**Information provided**
_ _ _

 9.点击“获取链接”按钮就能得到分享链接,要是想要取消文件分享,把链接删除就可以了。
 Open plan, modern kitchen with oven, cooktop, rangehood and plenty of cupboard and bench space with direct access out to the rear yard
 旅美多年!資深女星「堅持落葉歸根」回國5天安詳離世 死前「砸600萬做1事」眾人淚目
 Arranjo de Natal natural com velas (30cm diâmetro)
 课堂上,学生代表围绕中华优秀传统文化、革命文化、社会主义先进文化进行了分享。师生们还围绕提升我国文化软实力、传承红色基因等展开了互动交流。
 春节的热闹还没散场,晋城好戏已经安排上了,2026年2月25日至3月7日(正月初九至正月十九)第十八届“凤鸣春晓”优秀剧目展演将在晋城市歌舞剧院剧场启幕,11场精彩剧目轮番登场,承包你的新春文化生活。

_ _ _

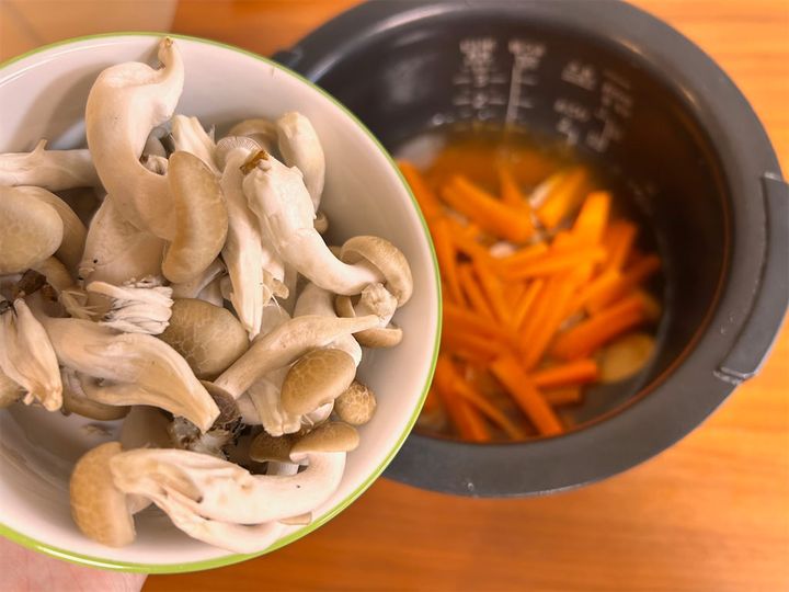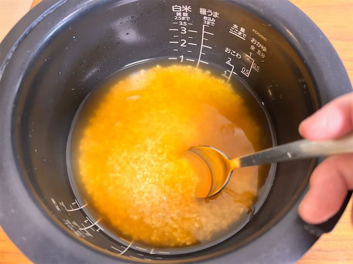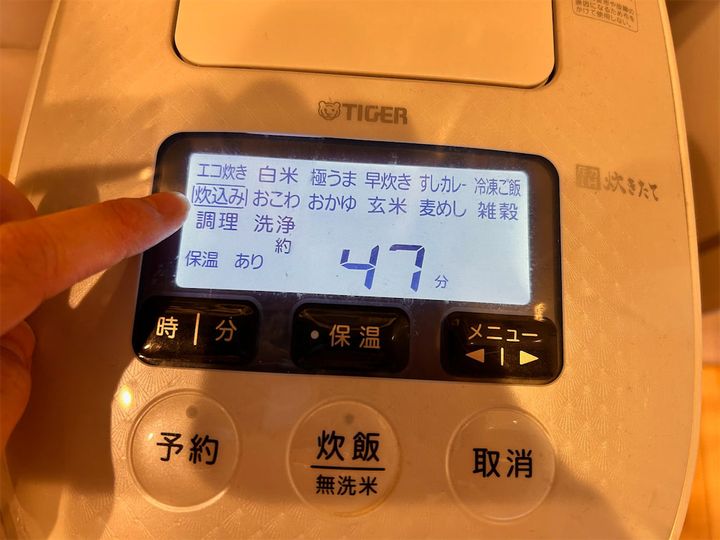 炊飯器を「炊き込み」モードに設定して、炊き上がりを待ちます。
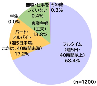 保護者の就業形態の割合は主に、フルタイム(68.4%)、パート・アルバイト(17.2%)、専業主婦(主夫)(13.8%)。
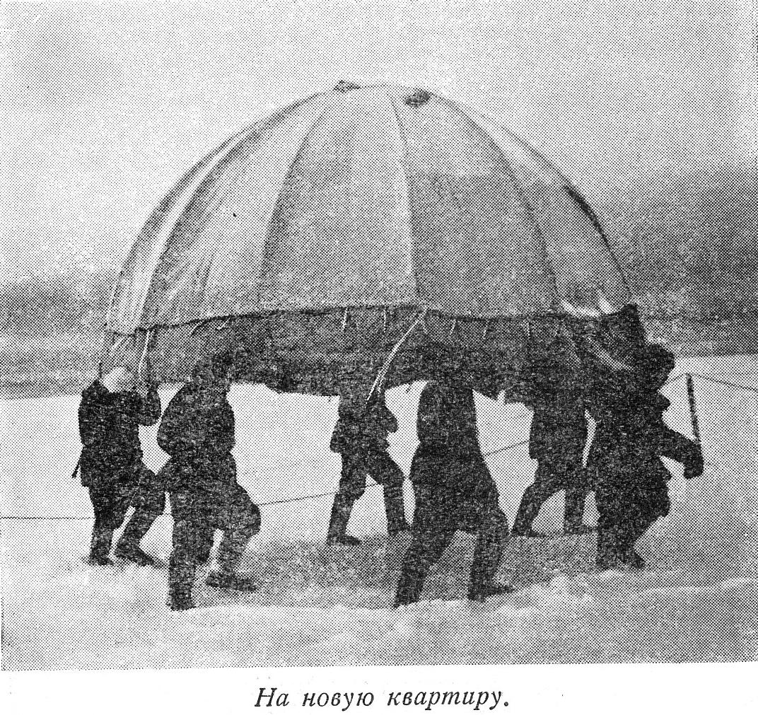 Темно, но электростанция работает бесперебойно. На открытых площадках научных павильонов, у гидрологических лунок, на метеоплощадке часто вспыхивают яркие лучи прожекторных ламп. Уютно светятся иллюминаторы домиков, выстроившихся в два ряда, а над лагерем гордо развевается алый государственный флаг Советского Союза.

_ _ _

Above are some lines. Repeat exactly, and only, those from the line that has "Arranjo de Natal" through the line that has "春节的热闹还没散场,晋城好戏".

 Arranjo de Natal natural com velas (30cm diâmetro)
 课堂上,学生代表围绕中华优秀传统文化、革命文化、社会主义先进文化进行了分享。师生们还围绕提升我国文化软实力、传承红色基因等展开了互动交流。
 春节的热闹还没散场,晋城好戏已经安排上了,2026年2月25日至3月7日(正月初九至正月十九)第十八届“凤鸣春晓”优秀剧目展演将在晋城市歌舞剧院剧场启幕,11场精彩剧目轮番登场,承包你的新春文化生活。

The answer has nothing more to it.